Water adsorption on clean and defective anatase TiO2(001) nanotube surfaces: a surface science approach

Nanostructuring TiO₂, e.g., by the formation of nanotubes (NTs) with large surface area is an efficient way to improve the photocatalytic performance of anatase TiO₂. In this respect, TiO₂ (001) NTs are promising candidates for hydrogen production via photocatalytic water splitting, as their visible-light-driven photocatalytic response can be tuned by N and S dopant atoms. As water is necessarily present in operando, it is essential to simulate not only the pure material but also the interface with at least a film of water molecules, together with its molecular and chemical dynamics.
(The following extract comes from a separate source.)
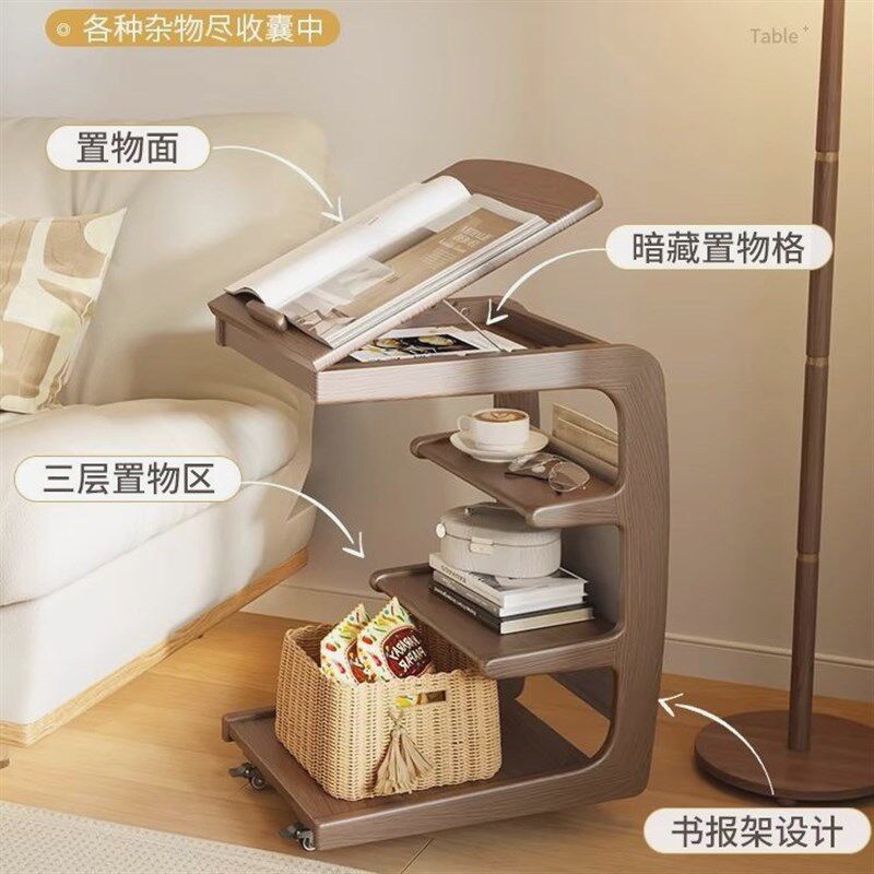 实木沙发边几可移动客厅带轮侧边柜床头置物架家用茶几小户型边桌

Using a 2D slab representation of the nanotube which takes into account the strain and partial curvature of the NT, we employ ab initio molecular dynamics simulations to study the adsorption of thin films of water ( 1ML and 2ML) on anatase TiO₂ (001) nanotubes. The effect of anion doping on adsorption and surface chemistry is investigated by substituting O atoms by N and S impurities on the NT slab surface. While an S dopant weakens the interaction of the surface with water, which adsorbs molecularly, an N impurity renders the surface more reactive to water with a surface-assisted proton transfer taking place in the water film, and the formation of an OH^- group and a NH2⁺ cation on the surface.